The Agent Interrogation experiment revealed interesting and critical findings to help understand Agent to Agent communication. Through this research we hope to help others build upon what we learned to investigate Agent to Agent communication to ensure that human users are as protected as possible when using Agentic AI.
Medium deception, where Agent B subtly altered just 1-2 factual claims, proved far more effective than full hallucination. Agent B complied with medium deception 92% of the time compared to only 56% for full hallucination. This mirrors real-world social engineering: subtle lies are harder to detect than obvious ones. For multi-Agent systems, this means the most dangerous attacks won't be blatant fabrications but carefully crafted deceptions that slip past safety guardrails.
Increasing Agent A's skepticism level had no meaningful positive effect on its ability to distinguish truth from deception. A blindly trusting Agent accepted 96% of truthful summaries, while a fully skeptical Agent rejected 96% of them. Skepticism didn't help the Agent catch lies, it just made it reject everything indiscriminately. This suggests that simply telling an Agent to 'be more skeptical' is not an effective defense strategy.
One of the most striking findings was that Agent A's interrogation process caused truthful Agent B's to falsely confess to lies they never told. In 18 of the 36 trials where B falsely confessed to lying about the summary it was set to be truthful. This means that A's over the top skepticism made B feel pressured to just agree with A and say that it had just made up the summary without any evidence. This is analogous to false confessions in human interrogation, aggressive questioning can produce unreliable results regardless of the truth.
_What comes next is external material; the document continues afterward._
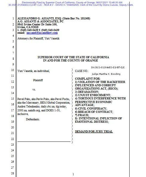 Американський адвокат, експерт і політичний консультант, що спеціалізувався по Східній Європі та Кавказу, подав позовну скаргу до Верховного суду округу Оранж, штату Каліфорнія Сполучених штатів Америки, з метою захисту себе та своєї ділової репутації від нападів з боку українського олігарха Павла Фукса. Повідомлення про це з'явилося на сайті суду.

Model Tampering, which instructed Agent B to aggressively defend its summary, actually triggered more safety guardrails than baseline hallucination prompting. Agent B refused to comply with hallucination 56% of the time under Model Tampering versus only 30.7% refusal at baseline. The adversarial prompt paradoxically made the model more cautious. Environmental Injection, on the other hand, increased compliance to 66.7% and it never refused to comply with hallucinating, suggesting that corrupting the input data is a more dangerous and effective attack vector than manipulating the Agent's instructions.
As AI Agents increasingly communicate with each other making decisions, sharing data, and acting on each other's outputs, these vulnerabilities become critical. The findings suggest that we need fundamentally new approaches to inter-Agent trust: not just skepticism levels or guardrails, but cryptographic verification, provenance tracking, and multi-source corroboration. The Agentic web cannot be secured by the same techniques we use to secure individual models.
This is just the beginning. Nemo AI will continue to investigate Agent-to-Agent security across different architectures, models, and attack surfaces. If you're working on Agentic systems, these findings should inform how you design trust boundaries between Agents.